Raphael Onyedika Nwadike  (born 19 April 2001) is a Nigerian professional footballer who plays as a midfielder for Belgian club Club Brugge.

Career

Midtjylland
Onyedika used to play street football before joining F.C. Ebedei's academy at the age of 15. After three years in Ebedei, Onyedika joined the academy of FC Midtjylland in Denmark, an affiliate club to FC Ebedei, shortly after his 18th birthday.
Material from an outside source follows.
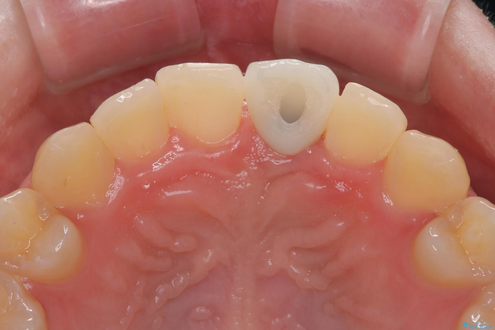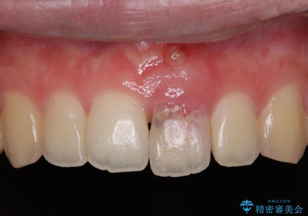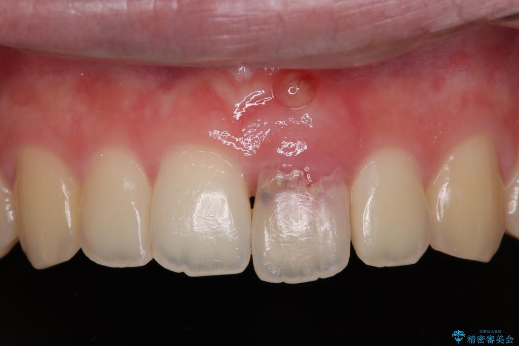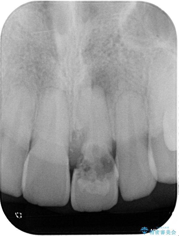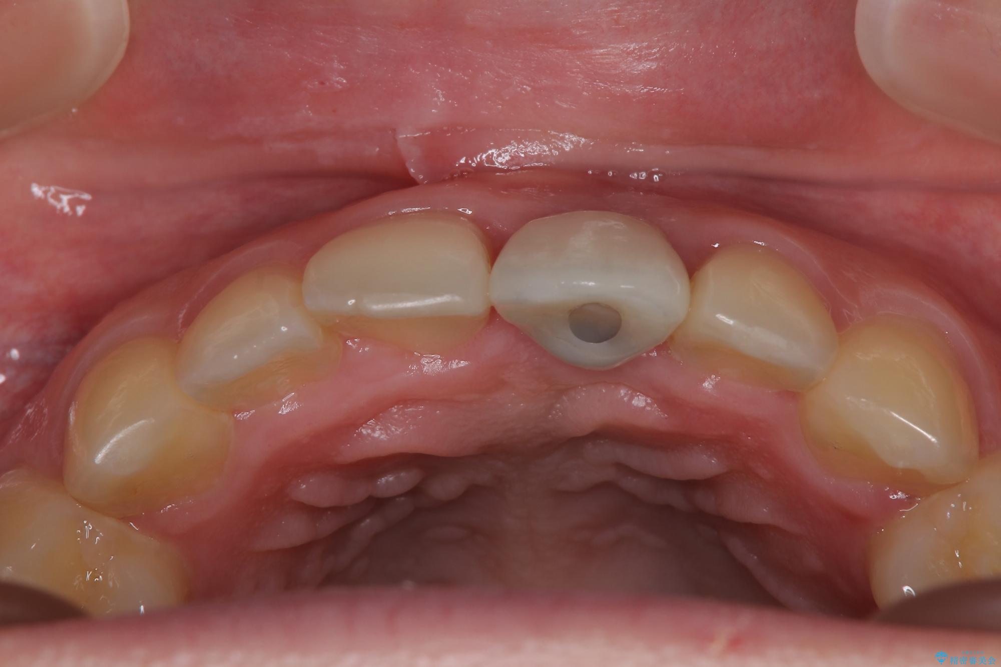 小学生の時に前歯を殴打したとのことで、歯根が吸収してしまい、抜歯が必要と判断されました。

In his first full season in FC Midtjylland, he impressed in the U19 League and in the UEFA Youth League with his physique, speed and cash playing style. So much, that he on 1 July 2020 signed his first five-year professional contract with the club until June 2025. To gain some more experience, Onyedika was loaned out to Midtjylland's affiliate club, Danish 1st Division-side FC Fredericia, on 19 August 2020 for the whole 2020–21 season. Onyedika did well on his loan spell, playing 28 games and scoring three goals. The season went so well that the Nigerian came on TV3 Sport's team of the year in the Danish 1st Division.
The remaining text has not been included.